## [WHAT THE TASK ASKS]
All lines from the one holding "Los fósiles fueron" through the last line of the entries below must be transcribed exactly, and no others. Pictures do not go in.

## [DATA PROVIDED]
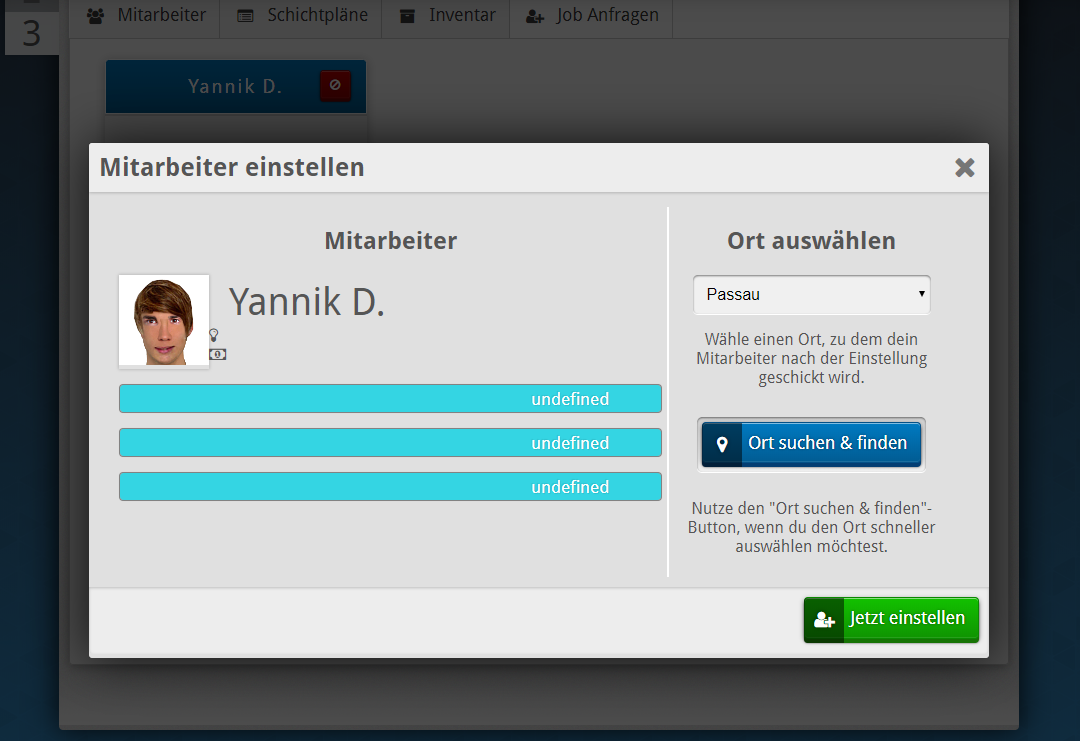 Hab noch ein Fehler entdeckt. Kann bei Betrieb keinen Mitarbeiter auswählen der die Inspektion übernehmen soll obwohl der bereit dazu wäre. Es kommt nur ein Fenster mit einem Auswahlkasten aber kein Mitarbeiter. Dieser Fehler tritt auf dem Handy auf.
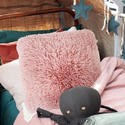 Coussin à poils longs extra-doux rose 60x60
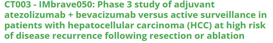 而 IMbrave050 研究旨在评估该方案对手术切除或消融后高复发风险的 HCC 辅助治疗的疗效。作为首个高复发风险肝细胞癌患者中的辅助治疗,该疗法曾获 FDA 突破性疗法认定。
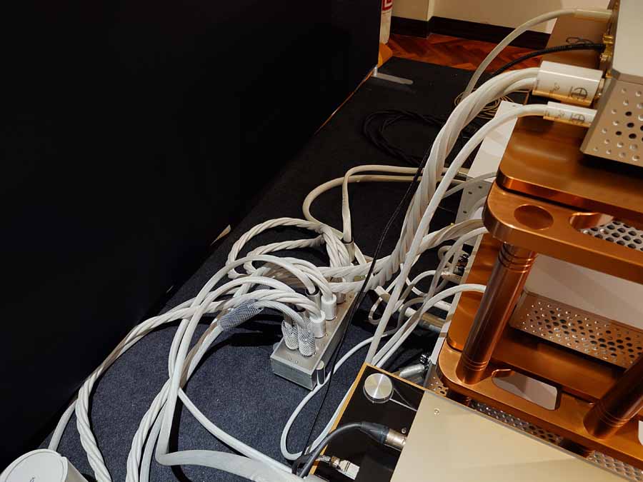 MPS used the show to quietly roll out a whole new power ecosystem, from serious cables to full‑blown distribution and a rather hardcore fuse box. The new F‑360 power cable is a very chunky 6 AWG design using 6N OCC copper in a 14 mm conductor bundle inside a 20 mm jacket, built with same‑direction looping to keep current flow as linear as possible. Alongside it sat the new MPSOURCE power blocks in three variants – GT‑800, GT‑1000 and GT‑3000 – whose tokamak‑inspired magnetic layout, mirror‑image wiring, all‑live‑phase routing and rhodium‑plated outlets aim to scrub noise and spikes without series filters, while full‑aluminium chassis, multiple isolated lines and red‑copper bus bars keep impedance and crosstalk down. To finish things off, the GT-333 fusebox is a high-quality mains entry point with five separate runs and a Siemens no-fuse master breaker.
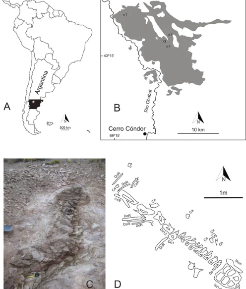 Los fósiles fueron encontrados en la formación Cañadón Calcáreo, en la Patagonia argentina, una región que ya ha aportado importantes descubrimientos paleontológicos.
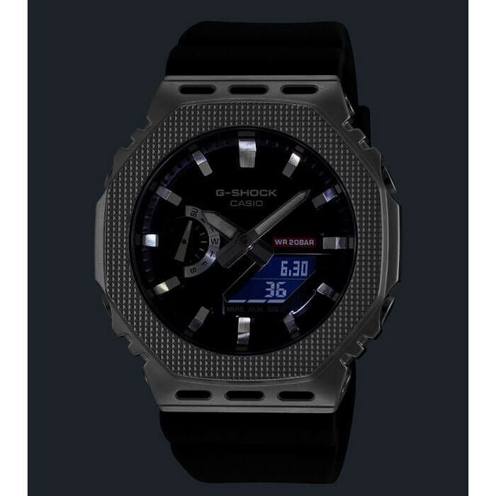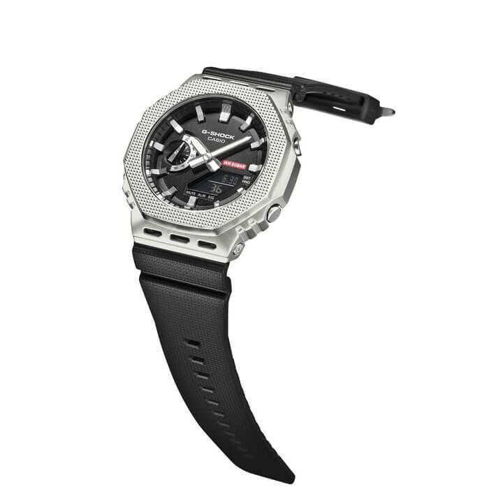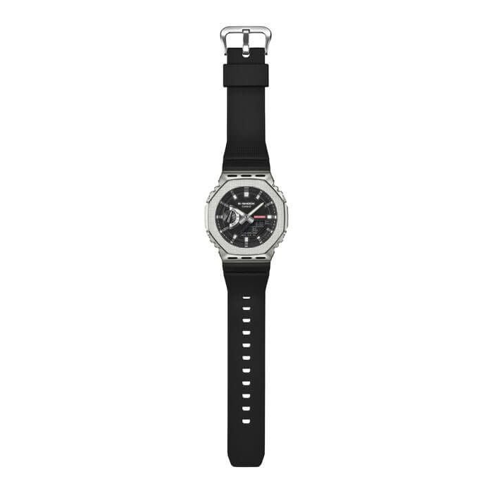 タフネスを追求し進化を続けるG-SHOCKから、モダンなインダストリアルデザインをテーマに機能美を追求し、G-SHOCKの耐衝撃性の要素をシンプルにデザインに落とし込んだモデルです。ベースモデルには、メタルベゼルを採用したアナログ・デジタルコンビネーションモデルGM-2100を使用しています。シンプルさと機能美の共存を目指し、無彩色のカラースキームを採用。G-SHOCKの耐衝撃性を象徴するメタルの八角形ベゼルには、モダンインダストリアルデザインでも多く見られるチェッカリングパターンを施し、メタルベゼルや、機能表示をマーキングした赤いアクセントカラーが、機能性を豊かに表現しています。ベゼルの切削穴からは、耐衝撃構造を実現するためにモジュールを保護しているガラスファイバー強化樹脂製のセンターケースが見え、耐衝撃構造を視覚的に表現しています。GM-2100BMでは、ベゼルの天面以外のパーツにブラックIPを施すことでベゼルのフォルムに奥行きと引き締まった印象を与え、シックな佇まいに仕上げています。
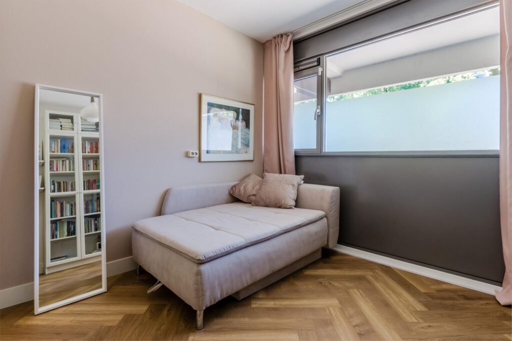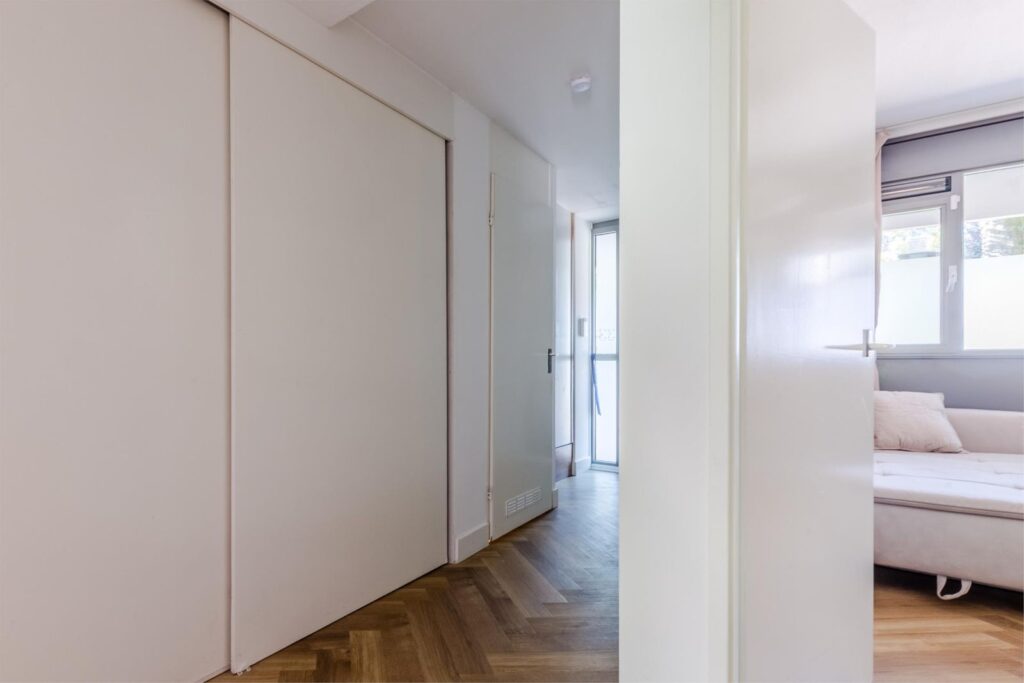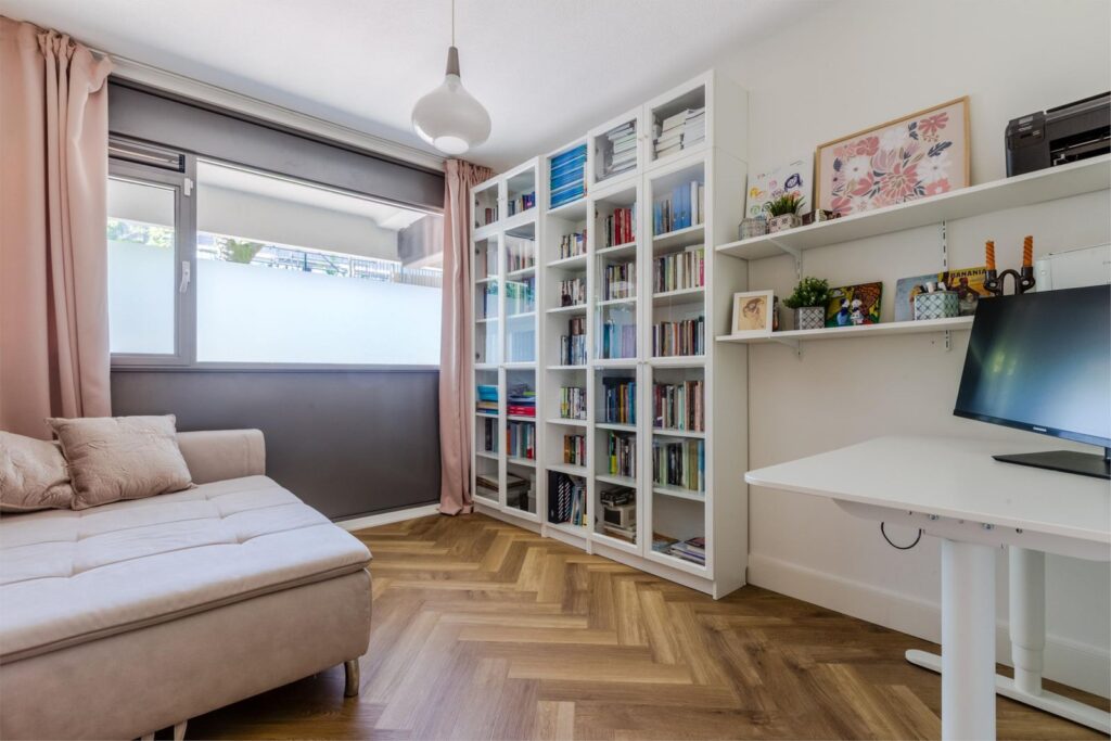 You reach the entrance of the home via the quiet courtyard. The hallway provides access to all rooms. The living room is bright and spacious, with large windows that create a pleasant connection to the outdoors. The open kitchen (new in 2025) is equipped with modern built-in appliances and offers space for a cozy dining area.

## [EXERCISE OUTPUT]
 Los fósiles fueron encontrados en la formación Cañadón Calcáreo, en la Patagonia argentina, una región que ya ha aportado importantes descubrimientos paleontológicos.
 タフネスを追求し進化を続けるG-SHOCKから、モダンなインダストリアルデザインをテーマに機能美を追求し、G-SHOCKの耐衝撃性の要素をシンプルにデザインに落とし込んだモデルです。ベースモデルには、メタルベゼルを採用したアナログ・デジタルコンビネーションモデルGM-2100を使用しています。シンプルさと機能美の共存を目指し、無彩色のカラースキームを採用。G-SHOCKの耐衝撃性を象徴するメタルの八角形ベゼルには、モダンインダストリアルデザインでも多く見られるチェッカリングパターンを施し、メタルベゼルや、機能表示をマーキングした赤いアクセントカラーが、機能性を豊かに表現しています。ベゼルの切削穴からは、耐衝撃構造を実現するためにモジュールを保護しているガラスファイバー強化樹脂製のセンターケースが見え、耐衝撃構造を視覚的に表現しています。GM-2100BMでは、ベゼルの天面以外のパーツにブラックIPを施すことでベゼルのフォルムに奥行きと引き締まった印象を与え、シックな佇まいに仕上げています。
 You reach the entrance of the home via the quiet courtyard. The hallway provides access to all rooms. The living room is bright and spacious, with large windows that create a pleasant connection to the outdoors. The open kitchen (new in 2025) is equipped with modern built-in appliances and offers space for a cozy dining area.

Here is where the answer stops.